It often starts with something small. Your mum forgets where she put her keys. Your dad asks the same question three times in one afternoon. Then comes the diagnosis — dementia — and suddenly a wave of practical worries crashes in alongside the emotional ones. Who will manage their finances? Who will make decisions about their care if they can't?

If you're reading this, chances are someone you love has been diagnosed with dementia, and you're wondering whether it's too late to set up a Lasting Power of Attorney. The honest answer is: it depends. It depends on something very specific — whether your parent still has what the law calls "mental capacity."

This guide will walk you through what that means, what your options are, and what happens if the window has already closed. We'll be straightforward with you, because you deserve clarity at a time when everything feels uncertain.

What Is Mental Capacity, and Why Does It Matter?

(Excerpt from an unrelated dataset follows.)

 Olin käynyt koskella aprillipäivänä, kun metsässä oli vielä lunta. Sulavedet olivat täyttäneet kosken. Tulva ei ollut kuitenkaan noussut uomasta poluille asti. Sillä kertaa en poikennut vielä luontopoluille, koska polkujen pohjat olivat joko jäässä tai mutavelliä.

A Lasting Power of Attorney (LPA) is a legal document. To create one, your parent must be able to understand what they're signing and why. This isn't about whether they can recite the date or name the Prime Minister. It's about whether they can grasp the nature and consequences of the LPA itself.

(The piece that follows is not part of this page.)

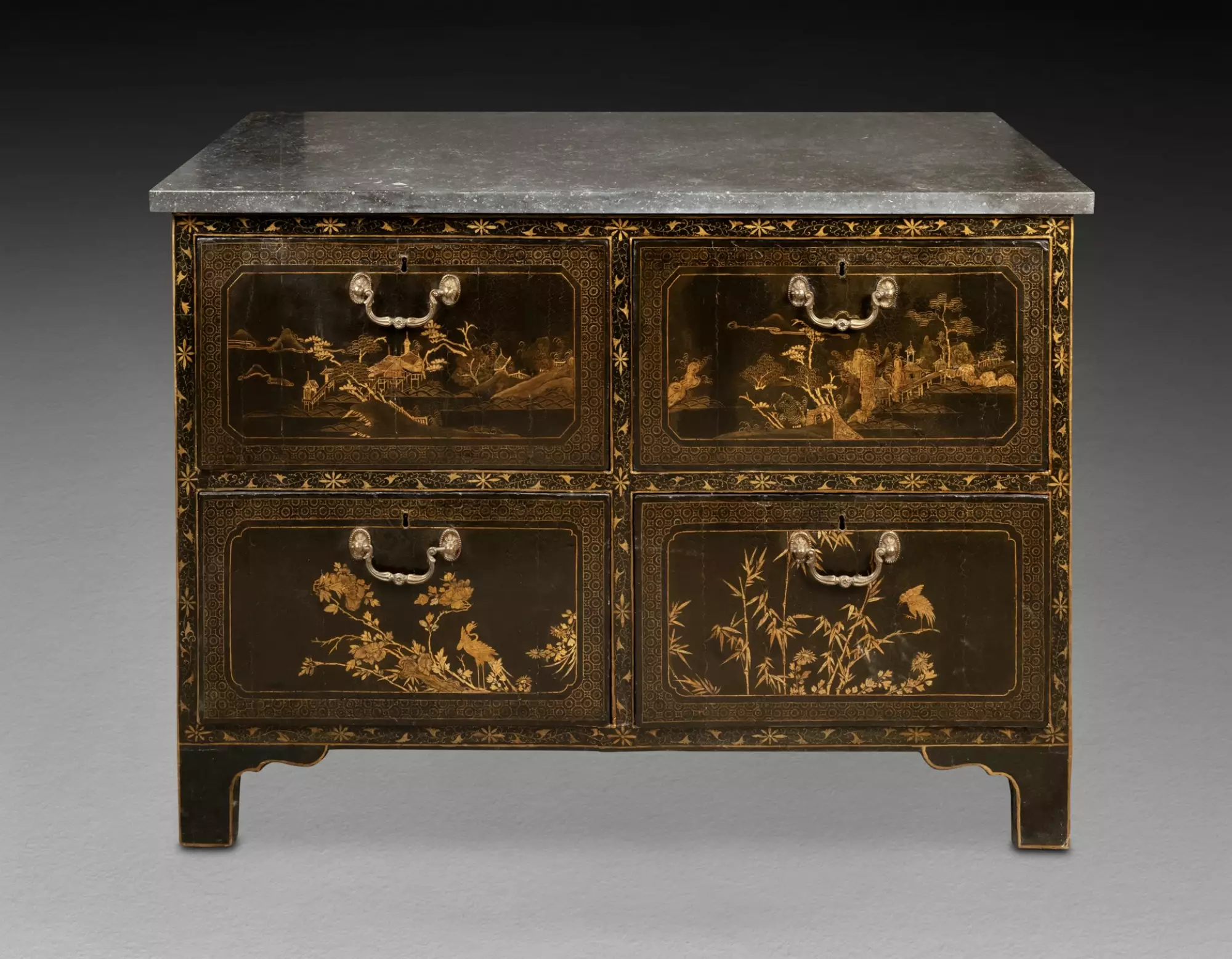 Modèle à quatre pieds droits reliés aux traverses par des écoinçons légèrement chantournés. La façade et les cotés sont entièrement plaqués de panneaux en laque, à décor à l’or sur fond noir, de paysages lacustres et de volatiles perchés dans des arbustes. Les scènes sont encadrées de motifs géométriques et les traverses arborent de délicates frises de rinceaux végétaux.

The legal framework comes from the Mental Capacity Act 2005, which governs how capacity is assessed in England and Wales. The Act establishes two crucial principles that work in your parent's favour:

  • A person is assumed to have capacity unless it is established otherwise. A dementia diagnosis alone does not automatically mean someone lacks capacity. The starting point is always that your parent can make their own decisions.
  • A person must be given all practicable help to make a decision before being treated as unable to do so. This means choosing the right time of day, using clear language, and giving your parent the support they need to understand what's being discussed.

These principles exist because dementia is not a light switch. It's a spectrum, and many people in the early and even moderate stages retain enough understanding to make valid legal decisions — including setting up an LPA.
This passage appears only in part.